Наступила суббота, и вечером все они придут к Лиле. Ира волновалась, но не так, как раньше. Отец здесь, и как бы дети на его воцарение в семье не отреагировали, он всё равно никуда не денется. Так уж получилось: всем придётся приспосабливаться. Причём приспосабливаться придётся всем им, а не отцу. В его умении подлаживаться Ирина сомневалась. Он всегда говорил, что подлаживаться ни под кого не умеет. В его устах это звучало вызывающе, то есть, не столько не умеет, сколько просто не хочет, не считает нужным. Пусть к нему приспосабливаются, а не хотят – и не надо. Надежда, что сейчас папа стал другим, была у Ирины слабой. Папа такой же, как всегда, время там, в чёрной смертной дыре, не считается. В чёрной дыре, наверное, что-то происходило, но это «что-то» не имело никакого отношения к обычной жизни. Да что ей такое в голову пришло? Какая такая жизнь, вот именно, что «там» – вообще не было жизнью. Иногда ей хотелось что-то о «там» узнать, а иногда, напротив, она бы дорого дала, чтобы оно оставалось для неё неведомым, причём как можно дольше.

 

Днём отец ходил с Федей испытывать обе машины. Старая Хонда не произвела на него никакого впечатления, а вот Кия своей автоматической коробкой передач просто заворожила. Когда оба вернулись перекусить, отец не мог ни о чем, кроме машины, разговаривать. «Приёмистая! Ах, как удобно! Лёгкая в управлении, руль мягкий, тормозит плавно…» – отцовское восхищение Ирину раздражало. Неужели он сейчас может думать о подобных пустяках, когда через пару часов он всех увидит? Она даже не выдержала и спросила, нет ли у него вопросов по поводу вечера, на что отец ей ответил своим привычным «я сам всё увижу». Ира видела, что тут он в её помощи не нуждался. Впрочем, если говорить серьёзно, дело было не в его опыте «там», а в вопросе, нуждался ли папа когда-нибудь в её помощи вообще? Нет, никогда – он был талантливее, сильнее, ярче её. Ну действительно, могло ли это измениться?

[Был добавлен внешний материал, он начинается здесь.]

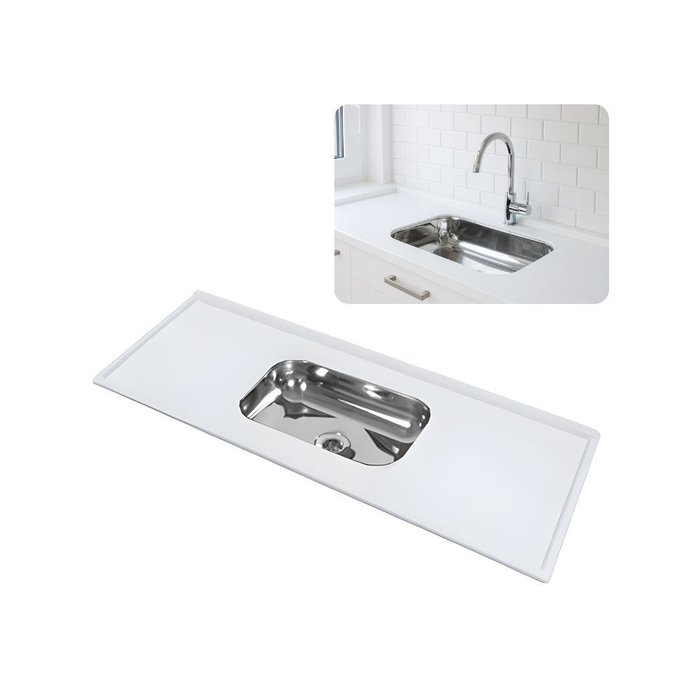 Pia de Cozinha Mármore Sintético Bege 1,20m com Cuba Inox N1:branco
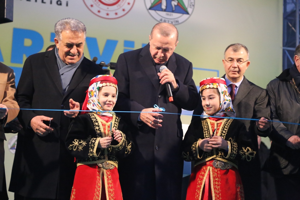 Cumhurbaşkanı Erdoğan, toplu açılış töreni öncesi yaptığı konuşmasına bir şiir ile başladı. Erdoğan okuduğu şiirde, “ Topla gönül şu Artvin'in gülünden. Şavşat'tan, Borçka'dan Yusufeli'nden. Hopa'dan anlarsın deniz dilinden. Bak Çoruh namını yayıp geliyor. Söz geçirmiş topraklara taşlara. Dönmüş kanat açıp uçan kuşlara. Gökyüzünden bakıp Ardanuçlulara, döne döne yola uymuş geliyor. Artvin Halife Harun Reşit'in, Sultan Alpaslan'ın, Fatih'in, Yavuz'un, Kazım Karabekir'in yadigarı Artvin. İskitler'den hazarlara kadar, tarihte tüm önemli medeniyetlerin gözde şehri Artvin. Tabiatı güzel, havası güzel, insanı bir başka güzel Artvin. Bin bir çeşidin, bin bir lezzetin güzelliği Artvin. Cennet bahçelerinin timsali Artvin. Bitkisiyle yeşilin başkenti Artvin. Kardeşliğin, birliğin, dayanışmanın şehri Artvin. Müziğiyle, folkloru ile kültürümüzü besleyen Artvin. Turizm'i ile barajları ve madenleri ile ülkemizin iftiharı Artvin sizleri bir kez daha gönülden selamlıyorum. Arhavi'yi, Hopa'yı, Kemalpaşa'yı, Borçka'yı, Ardanuç'u, Murgul'u, Şavşat'ı, Yusufeli'ni selamlıyorum” diyerek başladı.
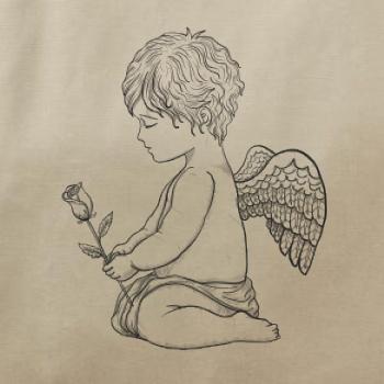 Andílek kresleny s růží

В машине отец сидел на её месте впереди. Подъехали к Лилиному дому, вошли. Все уже были в сборе, высыпали в коридор и теперь молча стояли, образовывая полукруг из доброжелательно-напряжённых лиц. Первой опомнилась Лиля: «Дедушка, это ты, я тебя узнаю!» – Лиля подошла и обняла его. Она слегка прижалась к его плечу. «Лилька! Я так рад тебя видеть. Ты красивая стала», – было видно, что он правда рад. Тут вперёд вышла Марина: «Дедушка, я – Марина. Помнишь меня?» «Мариночка, какая ты стала… как я соскучился!» – отец обнимал Марину, и Ира увидела в его глазах слёзы. Как всё это дико! Ощущение, что дедушка по каким-то причинам надолго уезжал, а сейчас вернулся и все счастливы. Если бы это было так просто! Он говорит, что скучал, хотя как там можно скучать? Но они-то не скучали по нему. Ира это точно знала. Дедушка умер, когда обе её дочери были ещё детьми. Потом они жили, учились, создавали семьи, рожали детей. Ничего этого он не видел, не разделял с ними ни радостей ни горестей, а сейчас – «он скучал». «Ну, давайте знакомиться!» – ну конечно, перехватил, как всегда, инициативу, уверенный в том, что сейчас всё можно будет свести к светскому ритуалу. А может, так и надо. Сейчас протянет руку и скажет: «Мелихов», он всегда так представлялся.

– Мелихов.

Ага, она не ошиблась.

Первому папа протянул руку Олегу. Почему? Нет причины, просто он ближе стоял. Олег пожал протянутую ему ладонь и тоже назвался, разумеется, не по фамилии.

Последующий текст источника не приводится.